Ce qui est commun à ces deux pays est la fuite des épargnants quand ils voient les banques et la dette souveraine s’étayer mutuellement. Sauf si les banques en Grèce et en Espagne sont vite recapitalisées, les retraits progressifs pourraient tourner rapidement à la panique bancaire, avec des conséquences difficiles à imaginer.
Dans le cas des banques espagnoles, les énormes capitaux dont elles ont besoin ne pouvaient être fournis que par une institution européenne, le Mécanisme européen de stabilité (MES). De même, étant donné que l’Etat grec n’est pas en mesure de soutenir ses banques, seul le MES peut sauver le système bancaire grec. Dans les deux cas le MES, la BCE et les banques centrales nationales devraient ensuite prendre le contrôle des banques qu’ils ont recapitalisées, via un nouveau véhicule ad hoc (dans lequel interviendraient des experts de l’Autorité bancaire européenne).
Pour le moyen terme, la création d’un Fonds européen d’assurance-dépôts et de résolution (FEADR) pourrait rendre le système bancaire européen plus résistant aux chocs nationaux et à la contagion. Cependant, la crise en Grèce et en Espagne menace la survie du système actuel et exigent donc une solution immédiate, avant que la solution à long terme ne soit rendue opérationnelle. Le véhicule ad hoc utilisé pour une intervention immédiate en Espagne et en Grèce pourrait ensuite être fusionné dans le futur FEADR.

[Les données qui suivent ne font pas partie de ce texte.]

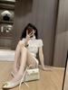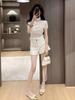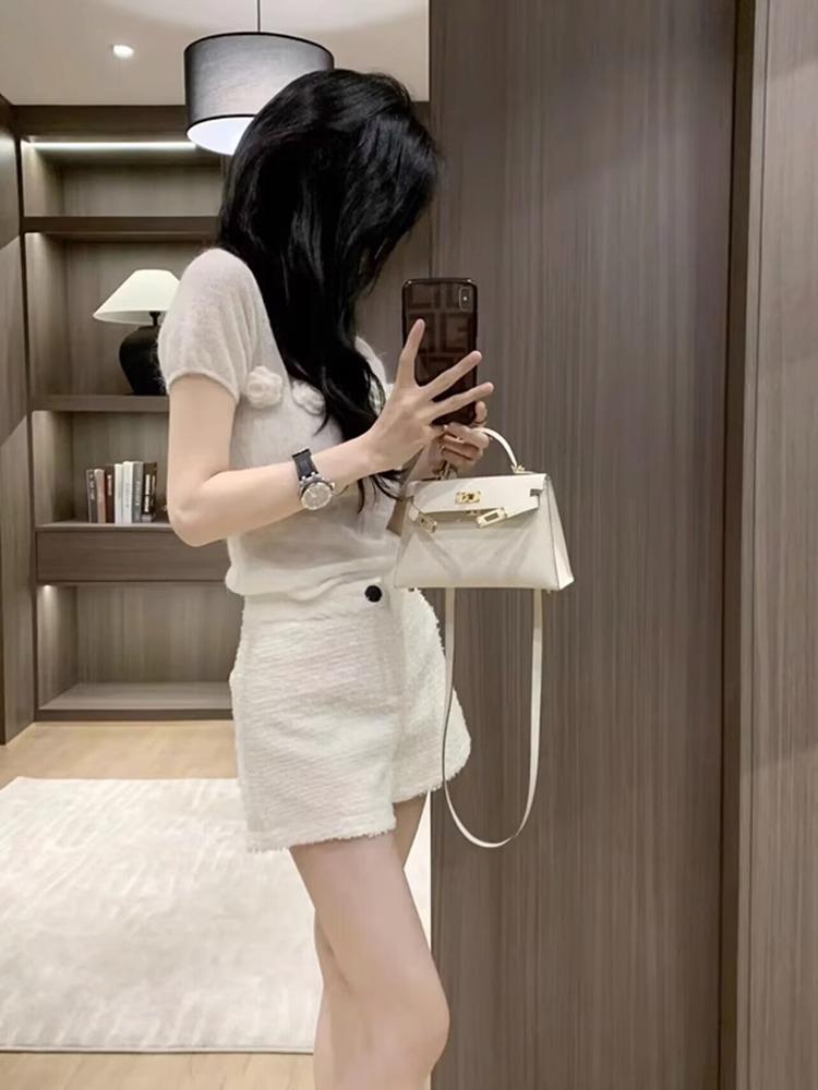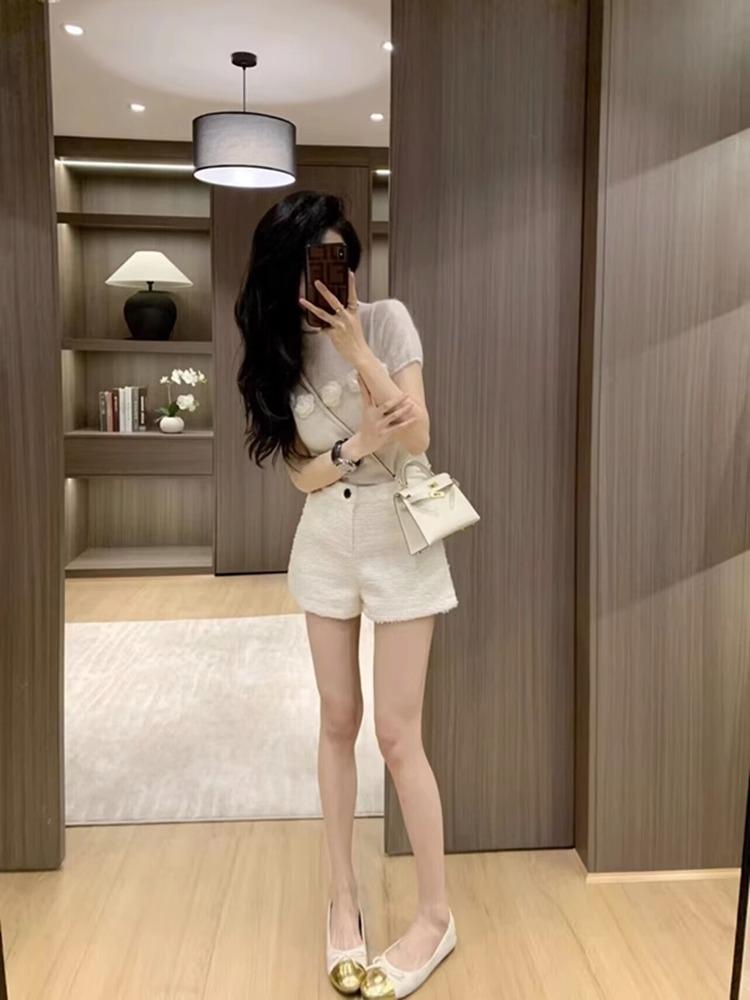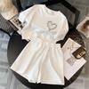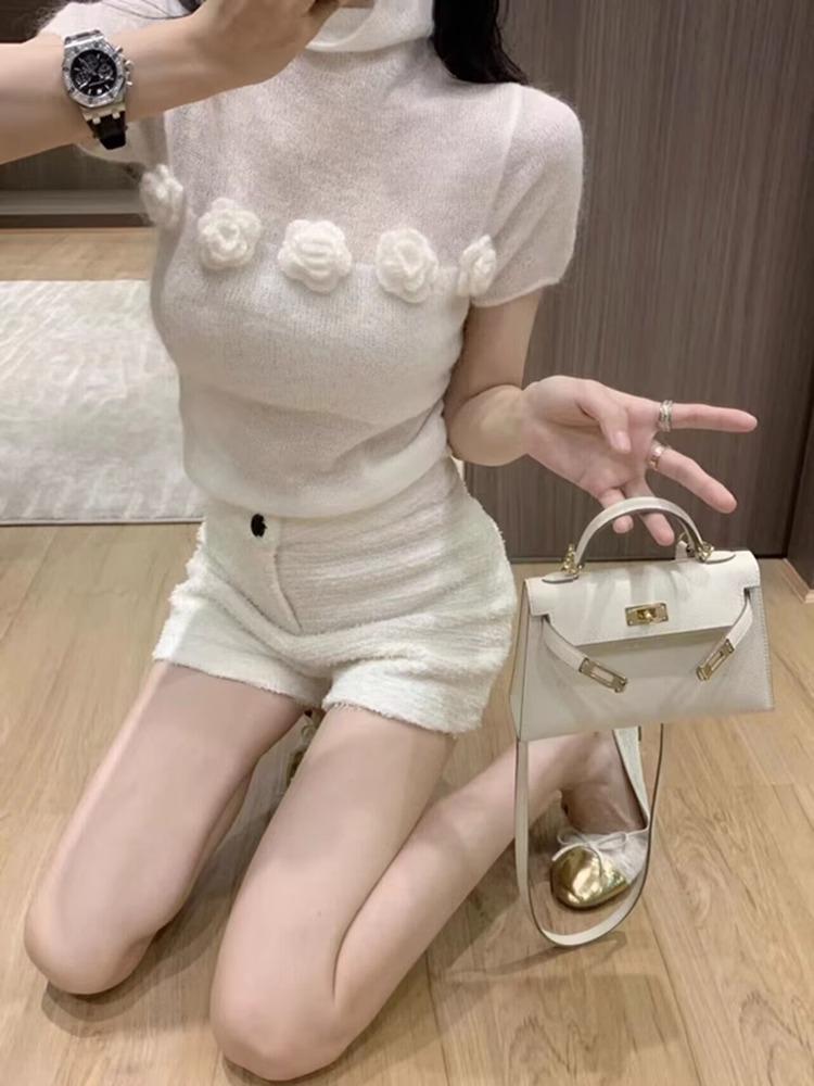 Suéter elegante de manga corta, hermoso traje para mujer, nuevo verano 2023, estilo occidental de moda, pantalones cortos antiedad, conjunto de dos piezas

Les propositions de la Commission semblent à nouveau d’être un cas de «trop peu, trop tard». L’idée d’une coassurance entre les systèmes nationaux de garantie des dépôts pour les banques avec des activités paneuropéennes pourrait être utile. Mais cela suppose qu’il restera des groupes bancaires pan-européens dans la zone euro. Or la balkanisation du système bancaire de la zone euro progresse désormais si rapidement que cela pourrait bientôt ne plus être le cas. En outre, aujourd’hui, le problème vient de banques locales, à la fois en Grèce et en Espagne (où les banques actives au niveau international ne semble pas avoir été fortement impliquées dans les prêts immobiliers). En Irlande, les pertes provenaient de banques dont la plupart avaient surtout des activités locales.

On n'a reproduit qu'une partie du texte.